Meski meraih beberapa keuntungan, proses demiliterisasi di Kosta Rika juga sempat dikritik. Jurnalis lepas Robert Beckhusen berpendapat bahwa lembaga Unidad Especial de Intervención (UEI) yang dimiliki Kosta Rika merupakan organisasi militer.

“UEI melatih (anggotanya) untuk memutus rantai pedagang narkotika, selain menyelamatkan sandera dan bertindak sebagai unit kontra-teroris dengan intensitas tinggi. Pelatihan mereka setara dengan yang dipersyaratkan oleh tim komando AS dan komando Tico menggunakan senjata M4 kaliber 5.56,” sebut Beckhusen.

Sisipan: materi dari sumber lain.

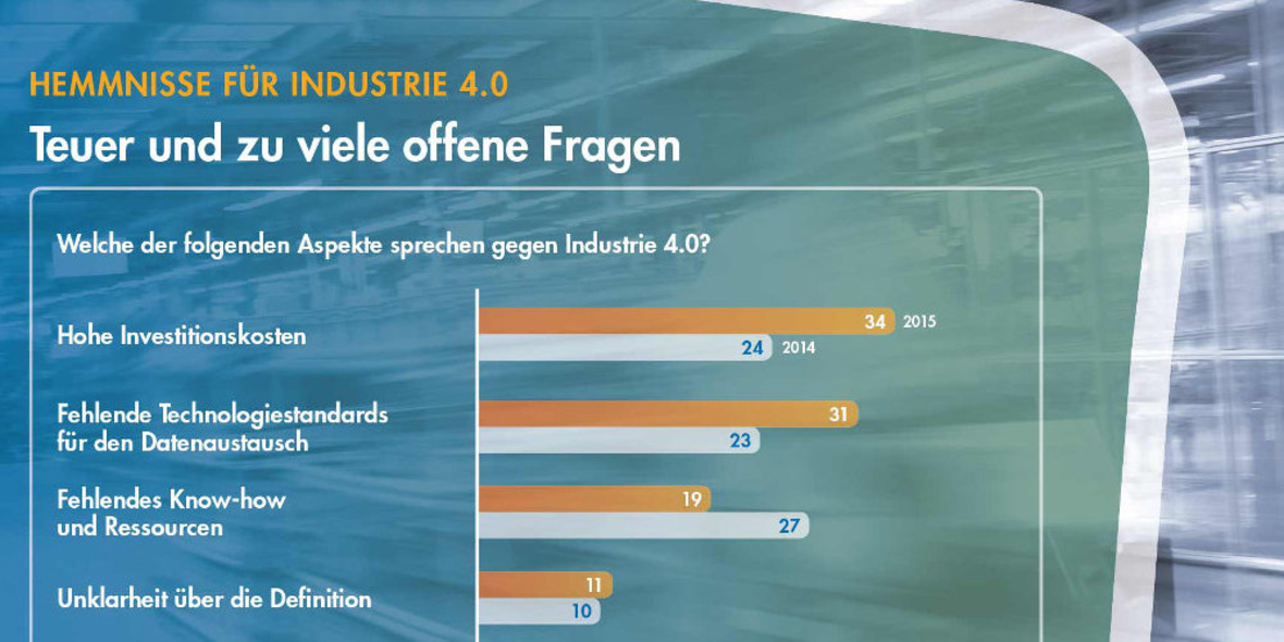 Positiv ist der steigende Bekanntheitsgrad des Themas Industrie 4.0: Fehlte in den vergangenen Jahren vielen Firmen noch die grundlegende Aufklärung, so sehen sich mittlerweile die meisten mit dem nötigen Know-how gerüstet - nur 19 Prozent aller Befragten halten diesen Faktor noch für problematisch (Stand 2014: 27 Prozent). "Die generelle Auseinandersetzung mit dem Thema führt bereits zu einem erhöhten Grundverständnis und auch das Bewusstsein für die Notwendigkeit effizienter Prozesse hat deutlich zugenommen", so die Einschätzung von Stefanie Naujoks, Analystin bei PAC.

The Atlantic juga melaporkan setelah 7.000 petugas AS ditugaskan ke negara tersebut pada tahun 2010 untuk membantu upaya kontra-narkotika, Presiden Bolivia Evo Morales mengatakan bahwa Kosta Rika kini telah memiliki sebuah tentara, yakni militer Amerika Serikat.

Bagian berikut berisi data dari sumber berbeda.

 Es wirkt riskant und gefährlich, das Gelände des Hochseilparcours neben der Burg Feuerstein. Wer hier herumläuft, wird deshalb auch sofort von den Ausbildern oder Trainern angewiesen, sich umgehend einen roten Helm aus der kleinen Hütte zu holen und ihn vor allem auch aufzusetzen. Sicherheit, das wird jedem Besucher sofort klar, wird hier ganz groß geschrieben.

Baca juga: Para Tentara Bersenjatakan Pena

Peter Stearns, seorang profesor dari George Mason yang menyunting buku Demilitarization in the Contemporary World, menyatakan tidak ada ukuran demiliterisasi yang sempurna. Hampir semua negara yang dalam daftar The World Factbook tidak memiliki tentara memiliki beberapa bentuk layanan keamanan sesuai ancaman yang ada.

Misalnya saja Islandia. Negara tersebut merupakan salah satu negara yang tidak memiliki institusi tentara namun menjadi anggota NATO. Islandia juga berpartisipasi dalam misi penjaga perdamaian internasional dengan apa yang CIA sebut sebagai "Unit Respons Krisis yang dipimpin oleh warga sipil".

"Menurut pendapat saya, jika Anda berkomitmen untuk menghindari kekerasan eksternal, Anda telah mengambil langkah yang menarik," ujar Stearns.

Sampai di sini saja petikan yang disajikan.